Division of Epidemiology
275 E. Main St., Frankfort, KY 40621
(502) 564-3418 or 3261
What is Q fever?
Q fever is a bacterial zoonosis (disease capable of being transmitted from animals to people) caused by Coxiella burnetii, a rickettsial organism. It was discovered in 1937, in Australia. Coxiella burnetii is resistant to heat, desiccation, and many common disinfectants and is highly infectious by the aerosol route. A single inhaled organism may produce clinical illness. For these reasons, Q fever could be used by an adversary as an incapacitating biological warfare agent.
What are the symptoms in people?
Q fever in humans is usually either asymptomatic or mistaken for an acute viral illness. Q fever is a disease with an acute onset of fever, chills, headache, weakness, malaise (a general sick feeling), abnormal liver function tests, and severe sweats. In most cases, the illness is of short duration, lasting less than two weeks, even without treatment. A majority of patients have abnormal results on liver function tests and some will develop hepatitis. Rare complications include pneumonitis (inflammation of the lungs), neurologic problems, and among people with abnormal or prosthetic heart valves, endocarditis (inflammation of the heart). Complications are more likely to occur among people who have weakened immune systems.
Who gets Q fever?
Q fever is a relatively rare disease in people, but anyone can get Q fever if they are infected with C. burnetii bacteria. People at highest risk for Q fever are those who work with infected animals, including veterinarians, lab workers, meat workers, sheep workers, and farmers.
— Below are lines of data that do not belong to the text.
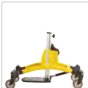
Storlek 1: Gul
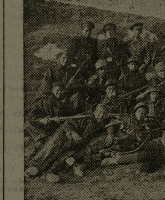
Grupo de "jabatos" del 357 Batallón de la 90 Brigada.
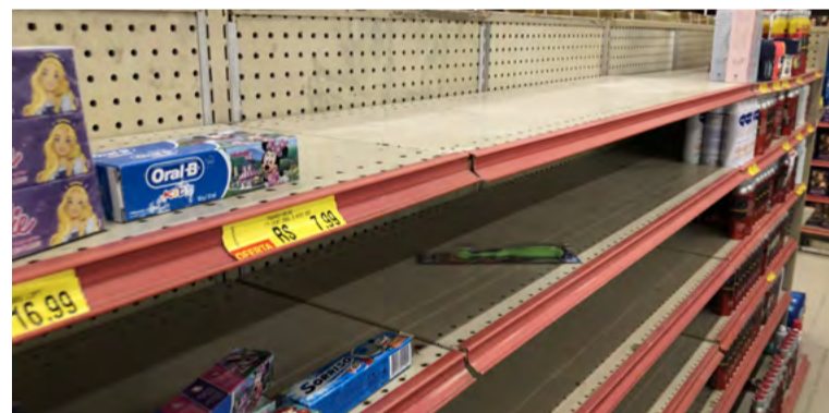
Prateleiras com poucos produtos mostram esvaziamento da loja

A comerciante ainda disse que, ultimamente, o fluxo de clientes vem caindo consideravelmente na região. “Quando a C&A fechou, já diminuiu muito os clientes. Até por aqui na Americanas. Aí se ela fechar também, vai piorar muito. Não sei o que vamos fazer”, disse preocupada.
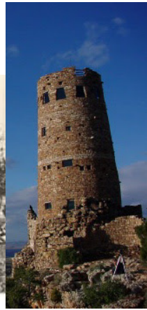
מגדל שמירה (שומרה) בהר שומרון.

http://wp.patheos.com.s3.amazonaws.com/blogs/billintheblank/files/2012/12/shepherd-Angels.jpg
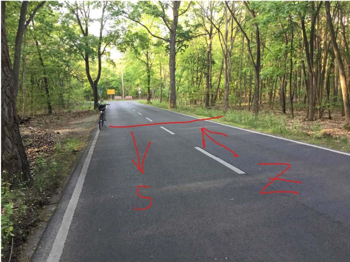
Foto Start-Ziel-Bereich mit Blick in Startrichtung
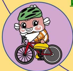
自転車 (ロード・レース)
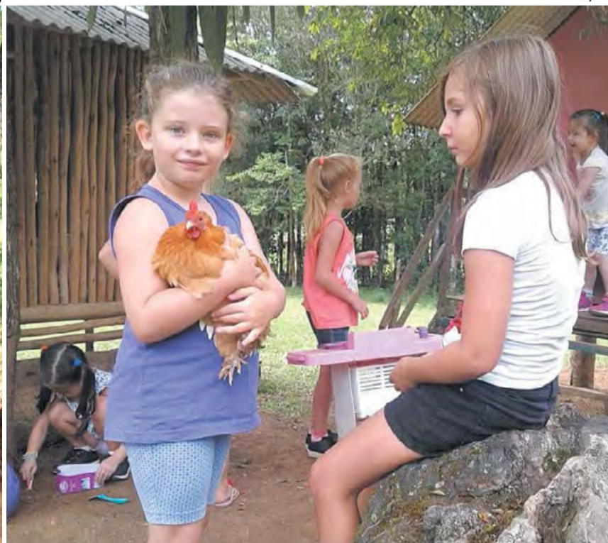
A intenção é promover o contato das crianças com a natureza

mo local. Somos o diferencial na região, por oferecer o turismo pe-
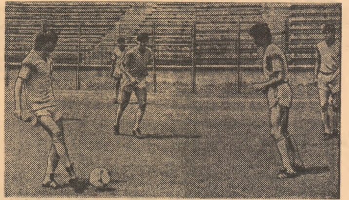
Pe stadionul care găzduiește de azi turneul, iată-i pe jucătorii de la Steaua la unul din antrenamente.

De azi, însă, în Capitală, fotbalul intră, cu adevărat, în scenă. Stadionul, frumosul stadion al echipei campioane, a îmbrăcat „haine de gală”. Aici, astăzi și mâine, Clubul Sportiv al Armatei Steaua organizează în cinstea zilei de 23 August și cu prilejul a 40 de ani de activitate a clubului, unul dintre cele mai interesante turnee internaționale de fotbal. O participare selectă, cu reprezentante ale fotbalului din

The infection occurs worldwide.
What animals carry the Q fever organism?
Sheep, cattle, goats, cats, dogs, some wild animals (including many wild rodents), birds, and ticks are natural reservoir hosts for C. burnetii. Infected animals are generally asymptomatic but they do shed the organism in their urine, feces, milk, and especially in their birth products.
How is Q fever spread?
Q fever is spread to people primarily through airborne dissemination of contaminated dust. Dust becomes contaminated from the tissue or body fluids of animals infected with C. burnetii bacteria. Direct contact with infected animals or materials that they have contaminated (such as straw or other bedding materials) may also cause an infection. Raw or unpasteurized milk from infected cows or goats may be capable of spreading C. burnetii. Direct person-to-person spread is not likely.
How soon after an exposure do symptoms appear?
This is variable, but 2-3 weeks after exposure is the most common.
How is Q fever diagnosed?
Blood tests can be used to diagnose Q fever.
What is the treatment for Q fever?
As stated, most people infected will recover without any treatment. Those who become more seriously ill may receive antibiotics at the discretion of their physician.
How can Q fever be prevented?
Prevention is based on the control of this disease in domestic animals. People who work with animals who may be infected need to know the signs and symptoms of Q fever and seek treatment if they feel they could be infected.